You will also need to install the following packages:

  • ape
  • geiger
  • OUwie

This practical is in two parts, Part 2 deals with discrete traits.


6.1 Preparing for the analysis

6.1.1 Load packages, read in the data and the tree

This is the same as we did in the PGLS practical, so I won’t give detailed instructions here.

# Load packages
library(ape)
library(geiger)
library(OUwie)
# Read in data
magicaldata <- read.csv("magicalcreatures.csv")
# Check data is loaded correctly
str(magicaldata)
## 'data.frame':    30 obs. of  5 variables:
##  $ Species     : Factor w/ 30 levels "Acromantula",..: 22 24 19 5 7 16 21 25 30 29 ...
##  $ BodySize_kg : num  1.5 50 0.5 100 8000 1 2.5 6 800 600 ...
##  $ SocialStatus: int  2 2 2 1 1 2 2 1 1 2 ...
##  $ Habitat     : int  1 1 2 1 3 1 1 3 3 3 ...
##  $ Magic_thaum : num  106.3 86.7 98.6 57 131.9 ...
# Read in tree
magicaltree <- read.nexus("magicaltree.nex") 
# Check tree is loaded correctly
str(magicaltree)
## List of 4
##  $ edge       : int [1:52, 1:2] 28 29 30 31 31 30 32 33 33 34 ...
##  $ edge.length: num [1:52] 136.86 65.69 97 2.92 2.92 ...
##  $ Nnode      : int 26
##  $ tip.label  : chr [1:27] "Doxie" "Bowtruckle" "Hinkypuff" "Grindylow" ...
##  - attr(*, "class")= chr "phylo"
##  - attr(*, "order")= chr "cladewise"

6.1.2 Modify the tree and data so they can be used in the analyses.
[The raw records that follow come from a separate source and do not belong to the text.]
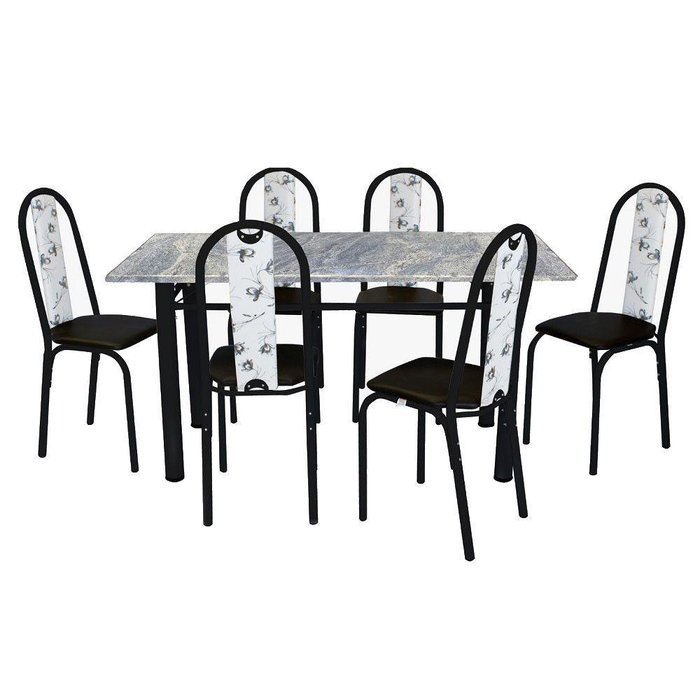 Conjunto de Mesa Michelly com 06 Cadeiras 150x75cm Moura Preto com Branco Floral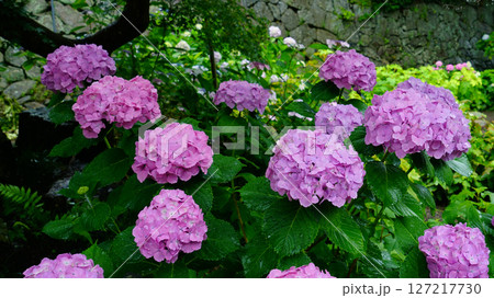 矢田寺(奈良県大和郡山市)本堂に続く参道に咲くアジサイの花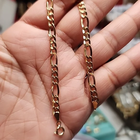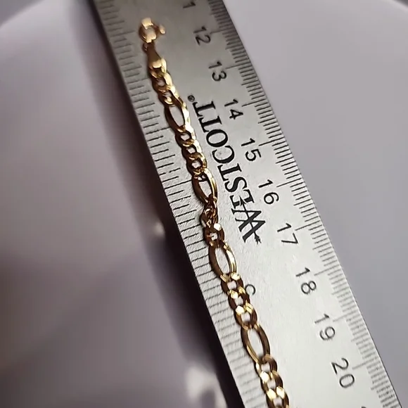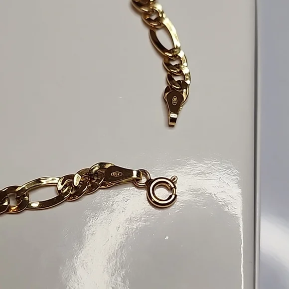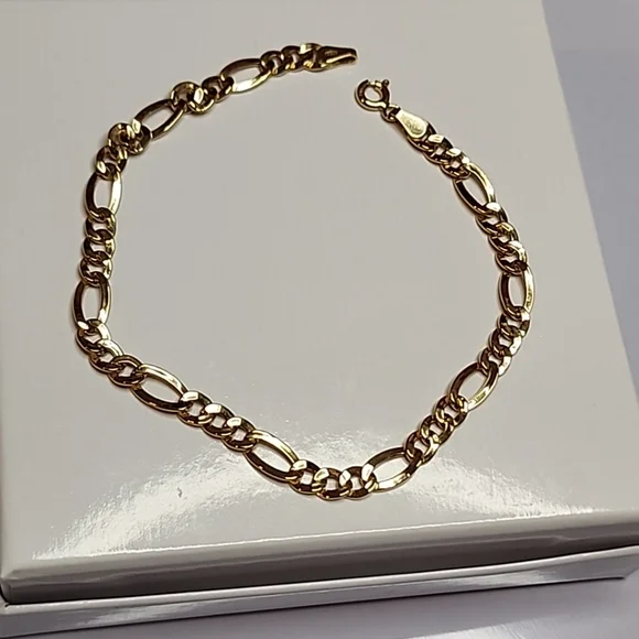 18k Solid Yellow Gold 4.5mm Figaro Link Bracelet Size 7.5" LIGHTWEIGHT NEW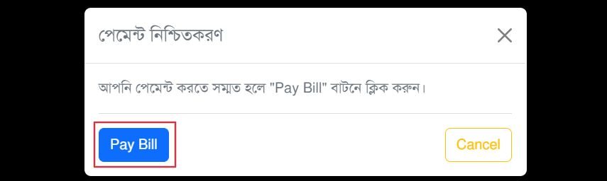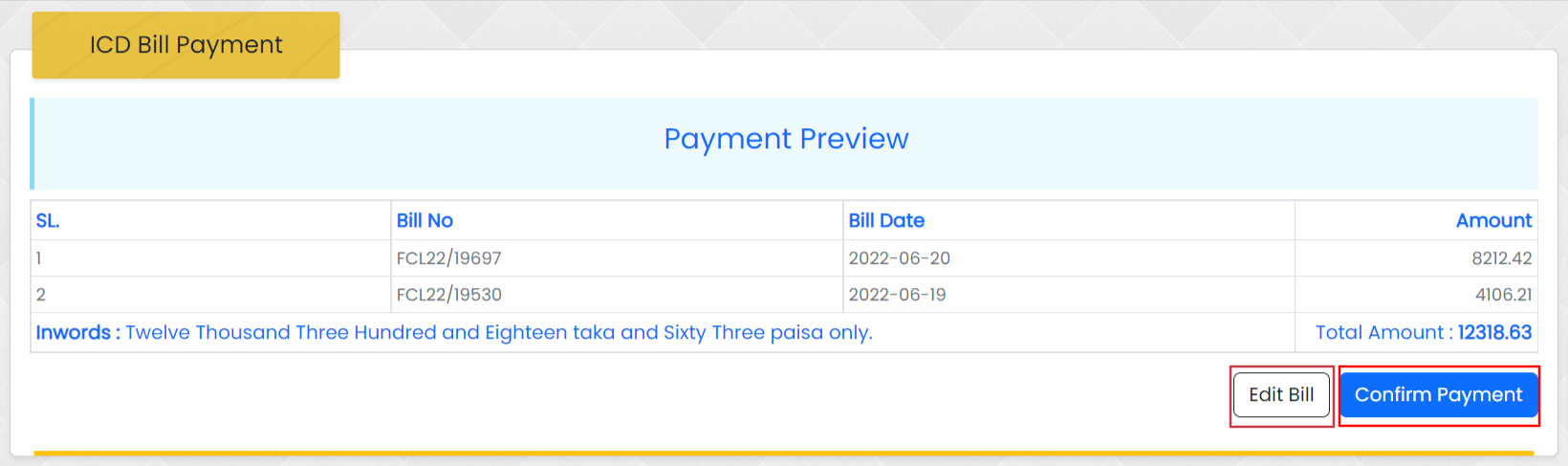 | "Preview Bill" বাটনে ক্লিক করলে পেমেন্ট প্রিভিউ পেজ আসবে, বিল পরিবর্তন/এডিট করতে চাইলে "Edit Bill" বাটনে ক্লিক করুন। |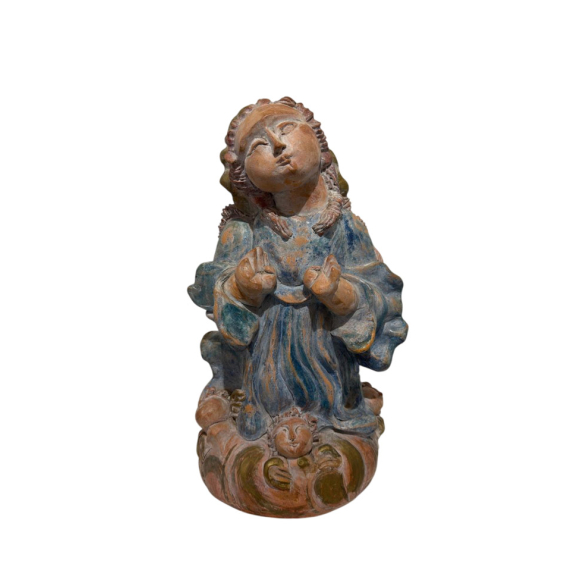 EspañolElisa Pena - Nossa Senhora com Anjos - 44 x 24 x 20 cm - Cerâmica Policromada - Assinada

Again we did this in the PGLS practical. Please remind yourself of what these steps are needed for.

# Ensure tree is fully bifurcating
magicaltree <- multi2di(magicaltree) 

# Replace spaces with underscores in the species names
magicaldata$Species <- gsub(" ", "_", magicaldata$Species)

# Add species names to row names
row.names(magicaldata) <- magicaldata$Species

For some weird reason the geiger function we need (treedata see below) won’t work if you input a dataset with variables that are characters i.e. words or letters. Our taxonomic variable Species is a character so we need to exclude it from the data. Note for your own data you’d need to remove all character variables (or recode them as 0,1,2 etc.). We will do this by making a new dataset called magicaldata2.

magicaldata2 <- magicaldata[, 2:5]

Here the [ ] tells R we want to subset the dataset. R data frames are always described by [X,Y] where X is rows and Y is columns. So [1, 1] will select the entry in the first column and the first row of the data frame. [, 2:5S] selects all rows but only columns 2 to 5. These are the columns containing our numeric variables.

We then need to match the species in tree to those in the dataset as in the PGLS practical. Note that we are using magicaldata2 here.

match.species <- treedata(magicaltree, magicaldata2)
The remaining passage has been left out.